Nothing but the lines from the one holding "Цены на испанском" through the last line of the material below should be set down, exactly and without images.

Data excerpt:
++++++
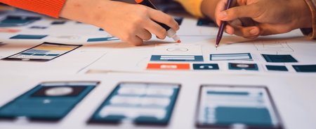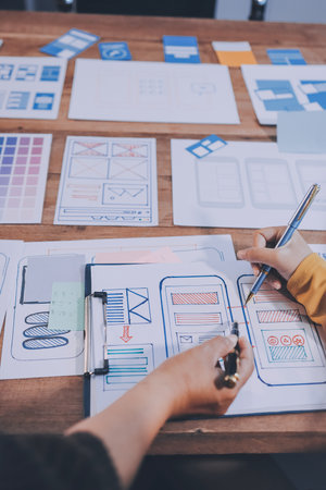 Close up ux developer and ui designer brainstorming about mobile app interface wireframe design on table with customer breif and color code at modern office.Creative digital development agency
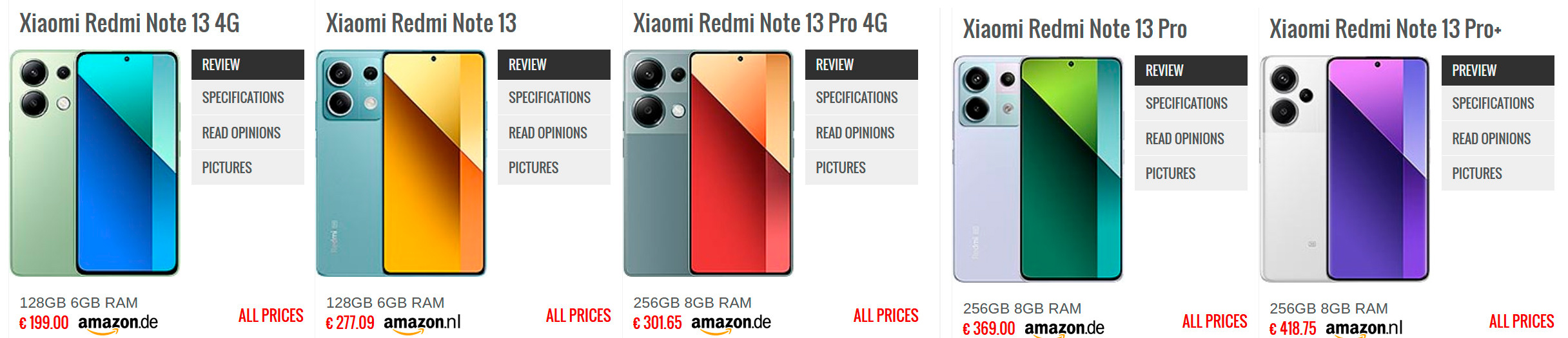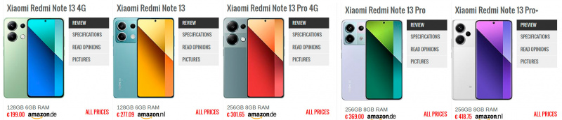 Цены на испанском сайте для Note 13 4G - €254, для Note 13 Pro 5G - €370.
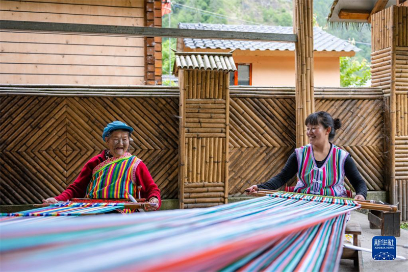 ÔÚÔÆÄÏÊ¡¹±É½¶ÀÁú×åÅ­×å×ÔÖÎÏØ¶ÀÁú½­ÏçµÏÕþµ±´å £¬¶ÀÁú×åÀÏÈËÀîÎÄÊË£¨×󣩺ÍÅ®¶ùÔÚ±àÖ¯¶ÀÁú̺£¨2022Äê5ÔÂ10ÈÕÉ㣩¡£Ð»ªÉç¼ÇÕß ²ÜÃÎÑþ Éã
++++++
Solved exercise:
 Цены на испанском сайте для Note 13 4G - €254, для Note 13 Pro 5G - €370.
 ÔÚÔÆÄÏÊ¡¹±É½¶ÀÁú×åÅ­×å×ÔÖÎÏØ¶ÀÁú½­ÏçµÏÕþµ±´å £¬¶ÀÁú×åÀÏÈËÀîÎÄÊË£¨×󣩺ÍÅ®¶ùÔÚ±àÖ¯¶ÀÁú̺£¨2022Äê5ÔÂ10ÈÕÉ㣩¡£Ð»ªÉç¼ÇÕß ²ÜÃÎÑþ Éã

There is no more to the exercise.